“It was a no-brainer,” said Mantovano. “Every class had its place and fit into what I needed for my career.”
Now an Engine Systems alum, Mantovano works at Ford Motor Company in engine component calibration and controls. His career and education helped him journey from a young engine hobbyist to an expert in his field.
Mantovano’s automotive passions were nurtured by his family. Both of his parents are originally from Italy, and according to Mantovano, they taught him the importance of hard work and dedication. His father worked in avionics and imbued him with a similarly mechanically-inclined mindset.
“I was constantly with him. Fixing things in the garage, helping him build the deck. All of the ins and outs of building technical stuff,” he said.
By the time Mantovano began an introductory power mechanics course in high school, he was already fascinated by the intricacies of the internal combustion engine.
“This technology is over a century old, and there is still so much refinement taking place. I started to notice how much room there was for improvement even then,” he said.

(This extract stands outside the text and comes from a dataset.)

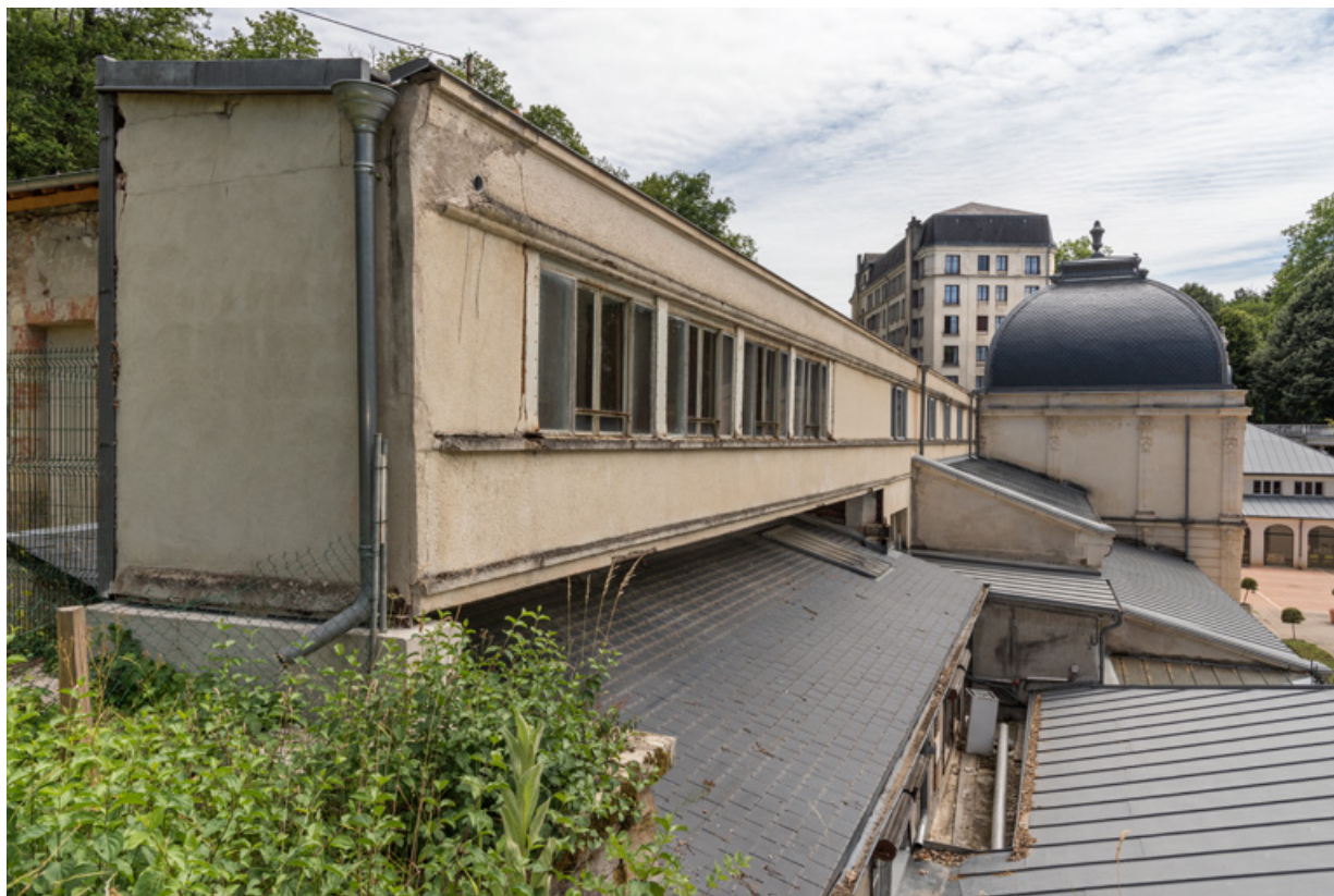
Vue extérieure depuis la terrasse du casino (détruit) en 2019.

58, Saint-Honoré-les-Bains avenue du Docteur Segard

Inspired by his first contact with engine work and observing the innovation taking place in high mileage vehicle competitions across the Midwest, Mantovano and a teacher started a team where they worked on an engine getting 140 miles per gallon, an impressive achievement at the high school level.
“So pretty much from that point onwards I knew I wanted to focus on changing our paradigm of transportation,” he said. “When it came time, I applied for a bunch of different bachelors of engineering programs.”
Mantovano decided he couldn’t beat UW-Madison. He began his freshman year by joining the Formula SAE Racing Team, and by his sophomore year, the team took home the world championship for the first time.
After graduation, he secured a position with Ford, and as his responsibilities evolved he became comfortable with his position.
“It was time to take it to the next level,” Mantovano said.
Mantovano began the Engine Systems program in the fall of 2014 and completed the program in fall 2017. The unique variety of classes kept him engaged.
“What this program really helped me see is all of the different aspects of the internal combustion engine, not just the design itself,” he said. “How do I manage the people? How do I get the designers to get these parts manufactured? How am I working out warranty?”
According to Mantovano, while the program benefitted him, the time commitment was sometimes challenging.
“I didn’t realize how much time I was dedicating to my education until I graduated,” he said.
Despite this, Mantovano felt that getting his master’s was well worth it. The engine systems degree has improved his value to Ford, and is helping him pursue further positions.
Looking back, Mantovano is proud that he followed passions that began in his youth.
“As humans we only have so much time on this earth, and in that time I want to learn as much as I can,” he said. “I recommend this program to anybody who is motivated to challenge themselves and continue learning.”